Solomon did not answer her; not with words. He leaned over and kissed her deeply, and their adventurous sex life began. At the movies, in the parking lot, in the restaurant bathroom were just a few of the places Solomon and Cheryl expressed their sexual appetites.

So, he was hardly surprised to see a provocative photo from her.

He sent her a text message back that read:
“Nice body. Who is this?”

“Don't be funny,”
she wrote back.

“No doubt. And I do miss it and u. But...”
Solomon answered.

“But what?”

“But things have been different with me.”

“Wanna talk about it?”
she wrote.

Solomon made sure Gerald was nice and comfortable on the couch before he went upstairs and closed the door to his room. Then he called Cheryl.

“Wow, an actual phone call from Mr. Singletary. I can't believe it,” she said upon answering. “You've been a ghost.”

“I'm sorry, Cheryl. Nothing personal. Just a lot going on that I've had to deal with.”

“I figured as much, since you couldn't even make time for me.” She paused. “What's going on? A woman, right?”

“What else?”

“See, that's where you messed up,” she said. “I'm not here to cause you any drama. I'm like you; let's just keep it moving. I could've made you feel better when she was making you feel bad.”

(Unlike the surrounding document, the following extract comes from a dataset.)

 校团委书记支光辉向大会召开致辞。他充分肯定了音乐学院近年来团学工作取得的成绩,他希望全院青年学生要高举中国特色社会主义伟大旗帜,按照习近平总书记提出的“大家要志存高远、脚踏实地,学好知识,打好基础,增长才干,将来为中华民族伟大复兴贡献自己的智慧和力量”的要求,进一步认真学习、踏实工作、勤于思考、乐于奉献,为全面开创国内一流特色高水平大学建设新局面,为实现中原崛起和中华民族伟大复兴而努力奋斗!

That was Cheryl; always on the ready, never hung up about anything. Shortly after they met, Solomon told her he did not want a “relationship.” She responded: “Who said I did? Relationships mean drama to me, and I don't want any of it. So let's just enjoy each other when we can. Deal?”

That deal was too good to be true, but Cheryl never gave Solomon any grief, only pleasure. She was five-foot-seven with a lean, strong body. No breasts to speak of, but hips and ass that looked to be child-bearing. Her innocent, slightly freckled face belied her freaky nature.

“So what's the problem with the woman?” she inquired.

It was such a good question that Solomon did not know how to answer. Then it came to him.

“I love her. That's the problem.”

“Damn, that IS a problem,” Cheryl said. “You're not the ‘I love her' type. I know men. I've dealt with all kinds. You're the ‘I love her and leave her' type. That's you.

“For you to say that is a big thing, Solomon. You don't know
how to handle being in love, do you? It's not easy because human nature makes it that she will piss you off or disappoint you. Then what do you do?”

“Exactly,” he said. “My instincts are to just say ‘to hell with it.' But another part of me is against that. And I've never had two parts of me pulling against each other. It was always the whole me saying, ‘I'm gone.'”

“Why don't you let me come over and take your mind off all this?” Cheryl was not serious; it was a test to see if Solomon really was about Michele.

“You know there was a time when I would've been all over that offer,” Solomon said. “But, while I know physically that would make me feel great, inside it wouldn't be right. I'm pissed off at her right now, but I still can't go outside the relationship.”

“If I were an egomaniac, I would be hurt,” Cheryl said. “But I'm very confident in myself; and I'm proud of you. I wasn't serious about coming over there. I was seeing if you really, really were in love. Some men, whether in love or not, would still jump at the chance to get something extra.